А вот ещё какая телеграмма из Мюнхена: «Все радиопередатчики радиостанции Свобода к вашим услугам, открыты для вас. Директор Ф. Рональдс». Во́ как! Говори на весь СССР сколько хочешь. Да наверно, и надо же! Да разве дадут хоть минуту сообразить?

Кажется, не в этот вечер, а в следующий, но уж доскажу тут. С низу лестницы, где стоит полицейский пост (а то бы все хлынули сюда, в квартиру), докладывают: рвётся ко мне, просит принять писатель Анатолий Кузнецов. Ах, тот самый Кузнецов, «Бабий Яр»[9], поразивший в 1969 своим убегом на Запад (под предлогом изучать ленинское бытьё в Лондоне  ну, вот как я сейчас буду в Цюрихе?), но и тем же, что теперь стыдится фамилии Кузнецов (ибо по требованию советских властей он судился против своего западного самовольного издателя) и потому отныне все свои будущие романы будет подписывать «Анатоль» (а будущих, за пять лет, и не оказалось). Пропустили его. А времени, поговорить,  нету, накоротке, на ходу. Маленького роста, подвижный, очень искренний, и с отчаянием в голосе. Отчаянием, конечно,  как неудачно у него всё сложилось, но и с отчаянной опаской за меня, чтоб я не наделал ошибок, как он: мол, кессонная болезнь, переход из сильного давления в малое опасен тем, что разорвёт! надо  сперва не делать заявлений, надо оглядеться. (И прав же он!) Ах бедняга, и для этого летел из Лондона, вот на эти десять минут, предупредить меня, что́ я и сам знаю? Я прекрасно понимаю, как надо остерегаться,  не только не рвусь к прессе, я не знаю, в какой рукав голову спрятать от её безпощадной осады.

Так я и не вышел к репортёрам. Уже темно, спать бы? Жена Хееба даёт мне снотворное, всё равно не спится. Дохнуть бы воздуха. В полной темноте выхожу на балкон, подышать в тишине. Задняя сторона дома, 4-й этаж,  и вдруг зажигается сильный прожектор, на меня, уловили! сфотографировали! ещё который раз. Не дают дохнуть. Ухожу с балкона. Ещё какие-то таблетки.

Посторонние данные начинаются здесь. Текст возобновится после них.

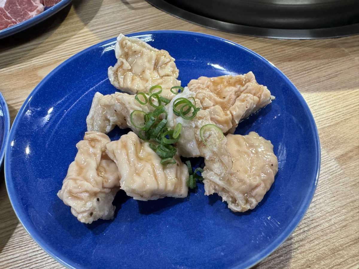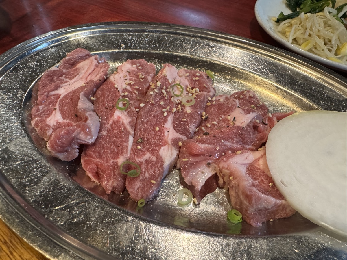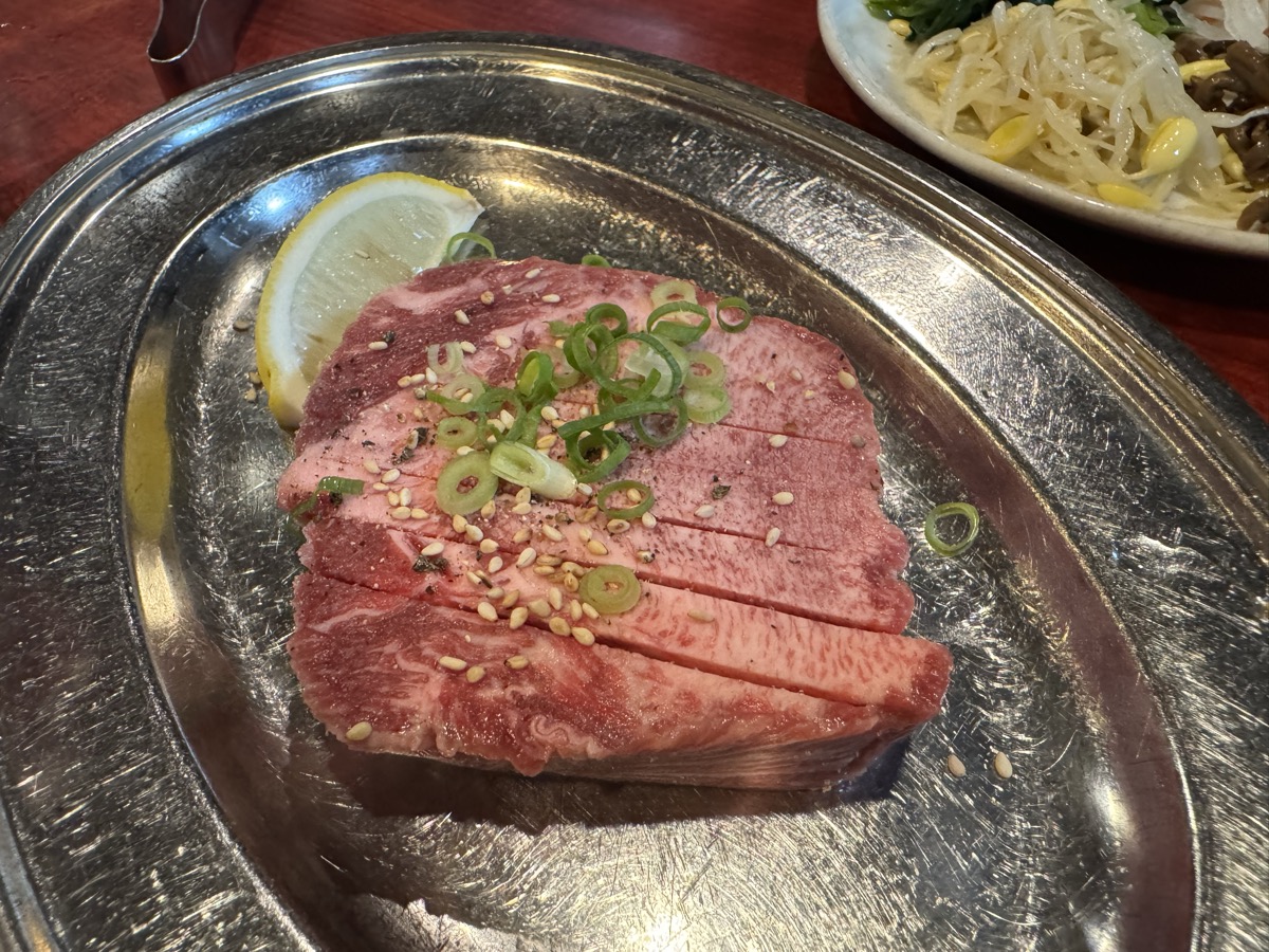 東鳴子温泉焼肉八兆の肉皿は厚切り牛タン、生ラム塩、タン先

В суматоху цюрихской вокзальной встречи угодил и Никита Струве  третья вершина Опорного Треугольника. А Цюрих, оказывается, подходящее место: тут и адвокат, сюда из Вены легко приехать Бетте  из Парижа, вот Никите. Отсюда легче распутывать наши дела, запутанные конспирацией. А ведь ждутся ещё и арьергардные бои за «невидимок», кого ГБ прижмёт.

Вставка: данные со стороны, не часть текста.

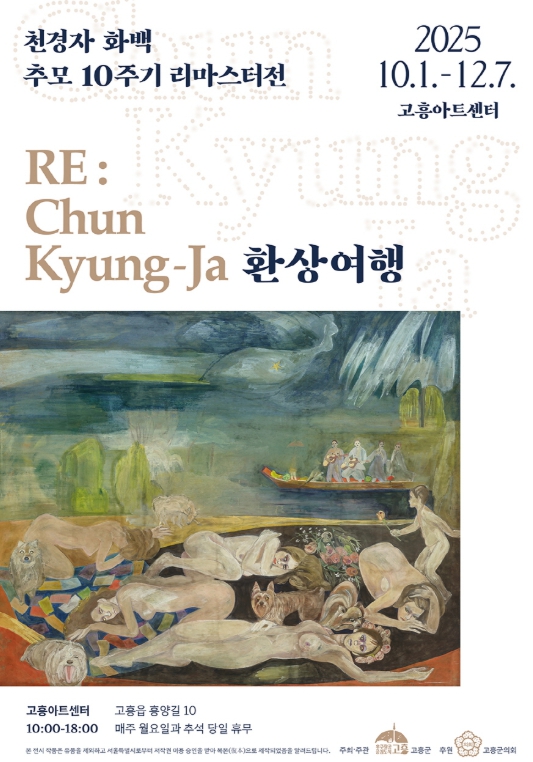 [무한뉴스=정민정 기자] 고흥군은 오는 10월 1일부터 12월 7일까지 고흥아트센터에서 고흥이 낳은 세계적인 화가 고(故) 천경자 화백 추모 10주기 리마스터전 'RE:Chun Kyung-Ja 환상여행'을 개최하며, 10월 2일 오후 2시 고흥아트센터 1층에서 전시 개막식을 연다고 밝혔다.

Был отдалённый друг за Железным Занавесом  а вот проступает и вживе. Невысокого роста, в очках, не поражая наружностью, ни тем более одеждой, лишь бы удовлетворительна, это и на мой вкус. А  быстрый, проницательный взгляд, но не для того, чтобы произвести впечатление на собеседника, а себе самому в заметку и в соображение. С Никитой Алексеевичем оказалось всё так просто и взаимопонятно, как если б его не отделяла целая жизнь за границей: духом  он всё время жил в России, и особенно в её литературных, философских и богословских проявлениях на чужбине. В 1963 он книгой «Христиане в СССР» вовремя оповестил Запад о хрущёвских гонениях на Церковь. Вместе с тем  широкий эрудит и в западной культуре. (Кончил Сорбонну, пробовал древние языки, арабский и их философию; остановился на русском языке, литературе.) Очень деликатен (не мешает ли это ему в издательской деятельности, там надо уметь быть суровым); как бы опасался проявить настойчивость, а всё высказывал в виде предположений (к этой его манере ещё надо привыкнуть, не пропускать его беглых замечаний). Ещё больше опасался впасть в пафос и при малом к тому повороте высмеивал сам себя.

И вот досталось ему после провала «Архипелага» тайком-тайком готовить взрыв первого тома, главный удар в моём бою с ГБ[10]. Пришлась публикация даже раньше, чем я надеялся,  ещё прежде русского Рождества и даже до Нового, 1974, года; и, несмотря на каникулярную на Западе пору,  какой ураган звонков, запросов и требований обрушился на издательство ИМКА тут же.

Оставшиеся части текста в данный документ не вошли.